Custom linear solvers can be created by providing a set of operations to either LinearSolver.Direct.Custom.make or LinearSolver.Iterative.Custom.make.

### API Reference

 Sundials Generic definitions, arrays, and utility functions.
 Sundials_Matrix Generic matrices. Sundials_LinearSolver Generic linear solvers.
 Nvector Generic nvector types and operations. Nvector_serial Standard serial nvectors of Sundials. Nvector_parallel The standard parallel nvectors of Sundials (requires MPI). Nvector_pthreads The Pthreads nvectors of Sundials (requires pthreads). Nvector_openmp The OpenMP nvectors of Sundials (requires OpenMP). Nvector_custom An interface for creating custom nvectors in OCaml. Nvector_array A custom nvector based on float arrays.
 Cvode Variable-step solution of ODE initial value problems with zero-crossing detection. Cvode_bbd Parallel band-block-diagonal preconditioners for CVODE (requires MPI). Cvodes Sensitivity analysis (forward and adjoint) and quadrature equations for CVODE. Cvodes_bbd Parallel band-block-diagonal preconditioners for CVODES (requires MPI).
 Ida Variable-step solution of DAE initial value problems with zero-crossing detection. Ida_bbd Parallel band-block-diagonal preconditioners for IDA (requires MPI). Idas Sensitivity analysis (forward and adjoint) and quadrature equations for IDA. Idas_bbd Parallel band-block-diagonal preconditioners for IDAS (requires MPI).
 Arkode Adaptive-step time integration for stiff, nonstiff, and multi-rate systems of ODE initial value problems with zero-crossing detection. Arkode_bbd Parallel band-block-diagonal preconditioners for ARKODE (requires MPI).
 Kinsol Solves nonlinear systems using Newton-Krylov techniques. Kinsol_bbd Parallel band-block-diagonal preconditioners for KINSOL (requires MPI).

### Installation

The dependencies of Sundials/ML are

• OCaml 4.02.3 or greater,
• Sundials 3.1.1 (compiles with 2.5.0 onwards with less features),
• Optionally: OCamlMPI 1.03.

Normally, to install Sundials/ML, you need only type opam install sundialsml.
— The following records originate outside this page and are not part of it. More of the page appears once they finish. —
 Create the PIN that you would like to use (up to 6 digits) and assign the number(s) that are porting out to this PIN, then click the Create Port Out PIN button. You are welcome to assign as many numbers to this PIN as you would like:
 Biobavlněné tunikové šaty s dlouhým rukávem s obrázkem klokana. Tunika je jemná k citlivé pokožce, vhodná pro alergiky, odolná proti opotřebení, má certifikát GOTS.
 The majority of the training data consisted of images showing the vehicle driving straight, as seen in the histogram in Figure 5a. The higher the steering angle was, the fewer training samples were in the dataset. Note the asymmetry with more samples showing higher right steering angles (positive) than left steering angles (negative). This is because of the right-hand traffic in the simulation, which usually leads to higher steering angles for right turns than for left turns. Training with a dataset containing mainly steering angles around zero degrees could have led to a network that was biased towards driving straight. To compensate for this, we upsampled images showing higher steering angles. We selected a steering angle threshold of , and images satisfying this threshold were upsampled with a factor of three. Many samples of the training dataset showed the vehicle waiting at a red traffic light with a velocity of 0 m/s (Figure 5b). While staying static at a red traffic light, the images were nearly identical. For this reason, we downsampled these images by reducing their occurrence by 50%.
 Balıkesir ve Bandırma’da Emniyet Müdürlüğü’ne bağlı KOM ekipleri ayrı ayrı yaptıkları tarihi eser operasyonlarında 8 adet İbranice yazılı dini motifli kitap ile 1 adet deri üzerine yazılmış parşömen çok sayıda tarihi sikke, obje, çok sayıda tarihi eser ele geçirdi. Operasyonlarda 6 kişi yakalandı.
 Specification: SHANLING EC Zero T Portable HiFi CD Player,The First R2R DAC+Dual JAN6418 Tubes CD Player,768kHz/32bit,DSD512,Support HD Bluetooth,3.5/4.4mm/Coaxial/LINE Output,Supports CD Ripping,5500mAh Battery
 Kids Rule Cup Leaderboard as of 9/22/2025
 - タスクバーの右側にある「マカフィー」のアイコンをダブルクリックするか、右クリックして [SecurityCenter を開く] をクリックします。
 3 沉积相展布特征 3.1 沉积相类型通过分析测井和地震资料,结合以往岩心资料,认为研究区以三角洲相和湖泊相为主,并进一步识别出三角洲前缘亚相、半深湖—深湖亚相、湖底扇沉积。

The following sections provide more detailed information on building and installing Sundials and Sundials/ML.

#### Installing Sundials/ML with OPAM

The OPAM package manager provides the easiest way to install Sundials/ML and the underlying Sundials library.

Note that the Debian/Ubuntu packages are out-of-date: at the time of writing they install Sundials 2.7.0. In this case, Sundials/ML will still function correctly but with less features.

1. Optionally run opam install mpi.
2. Run opam install sundialsml.

If OPAM fails to install the required Sundials package automatically, then try using your system's package manager directly, for example:

• Debian/Ubuntu (version 2.7.0 without parallelism): apt-get install libsundials-serial-dev
• Fedora: dnf install lapack-devel sundials-devel             sundials-threads-devel sundials-openmpi-devel
• macOS: brew install sundials / port install sundials

Otherwise, the following section describes how to install Sundials manually. After installing Sundials, retry opam install sundialsml.

#### Manually Building and Installing Sundials

First download the Sundials source code. It must be compiled with 64-bit floats (the default: --with-precision=double) and the C compiler must provide 32-bit ints.

Building the extra features of Sundials requires the installation of dependencies and the right cmake incantation. In particular, it can be tricky to get the optional SuperLU/MT library to work.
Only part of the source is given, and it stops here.